**EXERCISE OBJECTIVE:** From the data below, repeat exactly the lines from the line with "附件:2014年1-4月份全市重點建設項目進展情況表" to the line with "other space-constrained areas.", both included.

**INPUT DATA:**
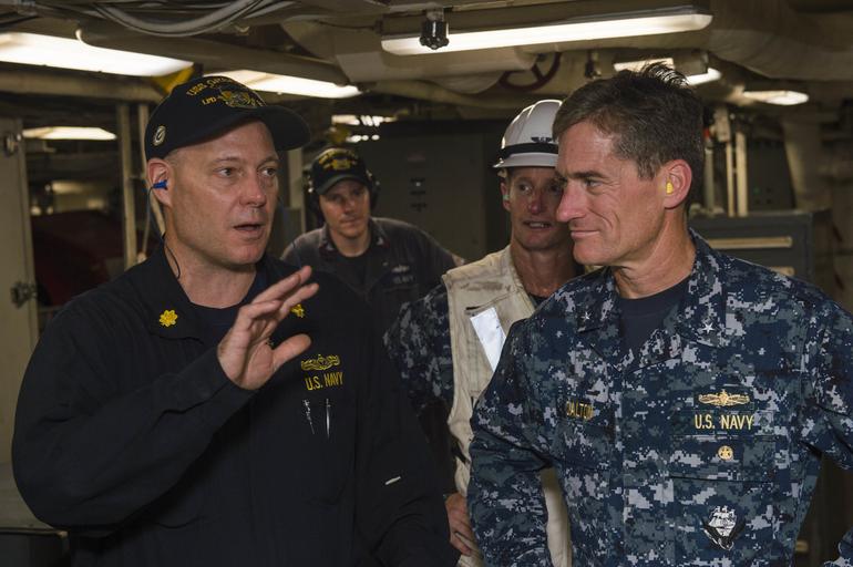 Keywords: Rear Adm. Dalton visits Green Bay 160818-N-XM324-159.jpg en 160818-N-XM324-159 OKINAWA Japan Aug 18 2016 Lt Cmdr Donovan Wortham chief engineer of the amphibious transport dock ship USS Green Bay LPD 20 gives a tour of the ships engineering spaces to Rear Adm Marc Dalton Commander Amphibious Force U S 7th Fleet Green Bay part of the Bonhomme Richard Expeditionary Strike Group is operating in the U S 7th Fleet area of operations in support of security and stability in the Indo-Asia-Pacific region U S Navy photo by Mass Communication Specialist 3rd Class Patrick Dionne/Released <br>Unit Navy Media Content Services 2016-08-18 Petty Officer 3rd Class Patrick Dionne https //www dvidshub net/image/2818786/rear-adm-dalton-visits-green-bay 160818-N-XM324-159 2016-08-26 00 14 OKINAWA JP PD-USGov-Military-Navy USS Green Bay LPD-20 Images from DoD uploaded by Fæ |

==

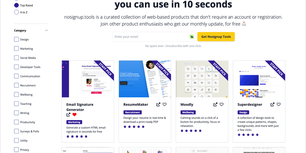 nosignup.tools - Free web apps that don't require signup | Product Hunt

==

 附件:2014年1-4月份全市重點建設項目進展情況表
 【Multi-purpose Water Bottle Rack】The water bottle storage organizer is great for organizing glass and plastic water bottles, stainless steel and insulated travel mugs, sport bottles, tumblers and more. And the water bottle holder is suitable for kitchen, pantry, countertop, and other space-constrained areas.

**TASK RESULT:**
 附件:2014年1-4月份全市重點建設項目進展情況表
 【Multi-purpose Water Bottle Rack】The water bottle storage organizer is great for organizing glass and plastic water bottles, stainless steel and insulated travel mugs, sport bottles, tumblers and more. And the water bottle holder is suitable for kitchen, pantry, countertop, and other space-constrained areas.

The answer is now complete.